What I don’t understand is, is EVERYTHING on my account reliant on the damaged cluster? If I just build a new database and reinstall everything will it install on a different cluster or am I just SOL and my 2 week old account is dead in the water for what they are saying could be another 2 weeks?
Can somebody help? We have deadlines and NO answers…
April 4th, 2008 at 12:37 am
I propose we nominate nightmare host for a guiness book of world records award for the longest time taken to recover from whatever the shit that happened…
April 4th, 2008 at 1:05 am
Bing!
April 4th, 2008 at 1:06 am
Holy Shit! Dreamhost do webhosting?! WTF?
April 4th, 2008 at 1:36 am
Anyone knows of a host for adult content?
I m going to leave as well
Shit…I wish i knew about FTP and all that crap
April 4th, 2008 at 1:57 am
ok my website is down again :/
thanks DH
April 4th, 2008 at 2:12 am
We hosted some projects on DH and we are still waiting to show them to our clients. How the hell could we show our job if you can only guarantee this pathetic quality? I heard positive things about DH, but after being here for a month I really think that the service you’re offering is a total waste of money… and time.

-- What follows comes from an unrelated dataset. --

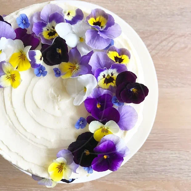 Добавьте к десерту настоящие цветы виолы, чтобы ваше оформление стало настоящим произведением искусства!

April 4th, 2008 at 2:24 am
As you can see in Wikipedia, “a computer cluster is a group of loosely coupled computers that work together closely so that in many respects they can be viewed as though they are a single computer”.
Therefore, if the machine in which all your file reside is a part of the affected cluster… you have approximately 500 Gb of disk space, and every byte of those Gb are in the same cluster, so don’t waste your time by deleting and re-uploading contents.
April 4th, 2008 at 2:37 am
ROFL
LMAO
OMGLOLCAT
LOLLERSKATING
LMFAO
LULZ
LOL
April 4th, 2008 at 3:49 am
Did anyone notice that nightmarehost.com is actually owned by MediaTemple?
April 4th, 2008 at 4:11 am
owned? wtf?
April 4th, 2008 at 5:59 am
DreamHost still exists? I’m surprised people still up up with their bullshit. Tisk tisk.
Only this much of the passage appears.